Turkish actor and TV presenter (born 1977)

Bülent Şakrak (born 26 August 1977) is a Turkish actor and TV presenter.

== Life and career ==
Şakrak was born on 26 August 1977 in Istanbul. He began his career on stage in 1996 by taking part in youth and children's plays at Kartal Art Studios. In 1998, he enrolled in the Theatre Department of Istanbul University State Conservatory. After leaving Kartal Art Studios, he got roles in Müjdat Gezen Theatre and Yayla Art Center Theatre before entering the cast of Kent Oyuncuları in 2004. There he was cast in various plays such as Dying For It, The 39 Steps, Dealer's Choice and The Lieutenant of Inishmore. After bringing The 39 Steps to stage at the Istanbul State Theatre in 2016, he worked as a narrator for the play Fully Committed, which was performed in the same venue.
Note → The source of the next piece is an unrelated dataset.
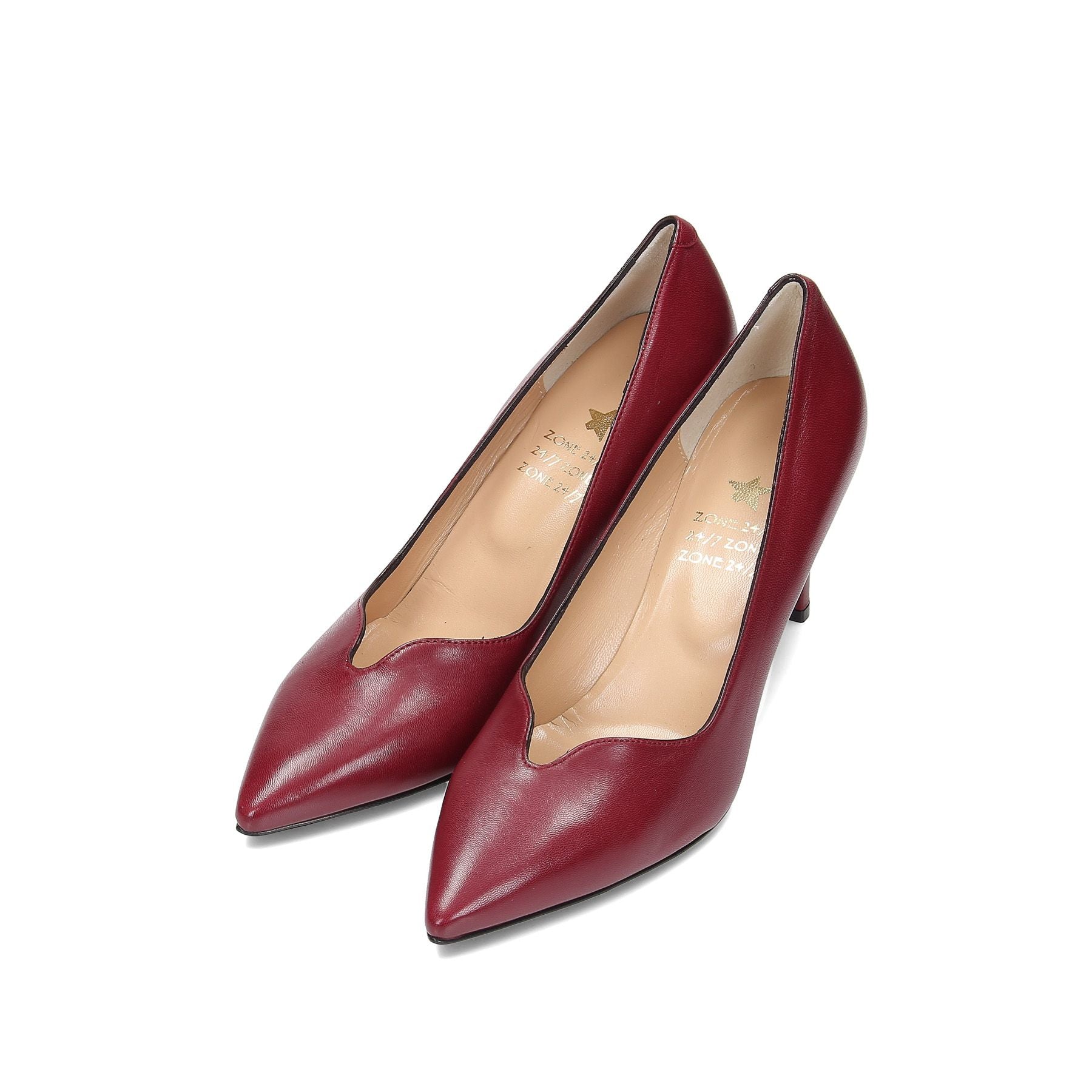Burgundy leather décolleté with V-neckline, 80 cm heel and rubber sole.
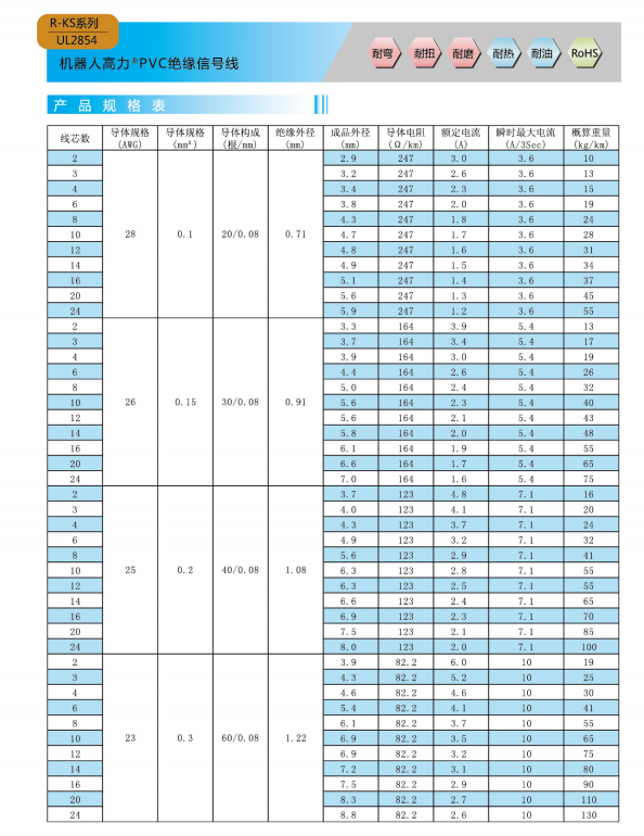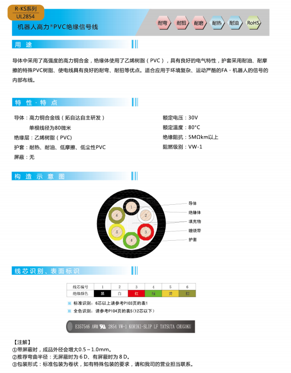 ロボットハイパワー®PVC絶縁信号線-UL 2854

He played as Avni in hit police series "Yılan Hikayesi". Aside from his career on stage, Şakrak has been cast in various TV series and has his first role in a web series with BluTV's Dudullu Postası in 2018. He has also presented his own program Bülent Şakrak'la Art Niyet on YouTube.

== Theatre ==
- Fully Committed : Becky Mode - Istanbul State Theatre - 2018 (narrator)
- Testosterone : Andrzej Saramonowicz - Oyun Studio - 2013
- Macbeth : William Shakespeare - Pangar - 2012
- Dying For It: Moira Buffini - Kent Oyuncuları - 2011
- The Walworth Farce : Enda Walsh - Tiyatro Gerçek - 2010
- The Miser : Molière - Kent Oyuncuları - 2008
- The 39 Steps : John Buchan/Patrick Barlow - Kent Oyuncuları - 2007/2016
- Dealer's Choice : Patrick Marber - Kent Oyuncuları - 2004
- The Lieutenant of Inishmore : Martin McDonagh - Kent Oyuncuları - 2003
- Boing Boing: Marc Camoletti - Sadri Alışık Theatre - 2003
- Buzlar Çözülmeden: Cevet Fehmi Başkut - Yayla Art Center - 2000
- Yedi Kocalı Hürmüz: Sadık Şendil - Müjdat Gezen Theatre - 1999
- Hababam Sınıfı: Rıfat Ilgaz - Müjdat Gezen Theatre - 1998

== Filmography ==

=== Film ===
- Tamirhane (2022)
- Acı Kiraz (2020)
- 5 Dakkada Değişir Bütün İşler (2016)
- Son Mektup (2015)
- Yapışık Kardeşler (2015)
- Çilek (2014)
- İksir:Dedemin Sırrı (2014)
- Ay Büyürken Uyuyamam (2011)
- 72. Koğuş (2010)
- Abimm (2009)
- Melekler ve Kumarbazlar (2009)
- Eyyvah Eyvah (2009)
- Kutsal Damacana 2: İtmen (2009)
- Ezber (short film) (2009)
- Süper Ajan K9 (2008)
- Muro: Nalet Olsun İçimdeki İnsan Sevgisine (2008)
- Ona Melek Deme (short film) (2006)
- Sır Çocukları (2002)
- Halk Çocuğu (2000)

=== TV series ===
- Kudüs Fatihi Selahaddin Eyyubi - 2024-
- Maviye Sürgün - 2023
- Dünya Bu - 2023 (web series)
- The Life and Movies of Erşan Kuneri - 2022
- Misafir - 2021
- Sefirin Kızı - 2020
- Dudullu Postası - 2018 (web series)
- Hangimiz Sevmedik - 2016
- Ayrılsak da Beraberiz - 2015
- Neyin Eksik? (2013)
- Karanlıklar Çiçeği - 2012
- İki Yaka Bir İsmail 2012
- Arka Sokaklar - 2011
- İzmir Çetesi - 2011
- Yıldız Masalı - 2011
- Küçük Kadınlar - 2009
- Kurtlar Vadisi Pusu - 2009
- Eşref Saati - 2008
- Gece Gündüz - 2008-2009
- Zeliha'nın Gözleri - 2007
- Güzel Günler - 2007
- Karınca Yuvası - 2006
- Sensiz Olmuyor - 2005
- Kısmet (2005)
- Beni Bekledinse - 2004
- Sihirli Annem - 2003
- Kumsaldaki İzler - 2002
- İki Arada - 2002
- Kınalı Kar - 2002
- Pembe Patikler - 2002
- Yılan Hikayesi - 1999
- Bizim Aile - 1995

== Awards ==
- 2011 - 16th Sadri Alışık Cinema and Theatre Awards, Most Successful Actor of the Year (shared with Hakan Gerçek and İlker Ayrık)
- 2008 - VIII. Lions Theatre Awards, Best Comedy Actor (The 39 Steps)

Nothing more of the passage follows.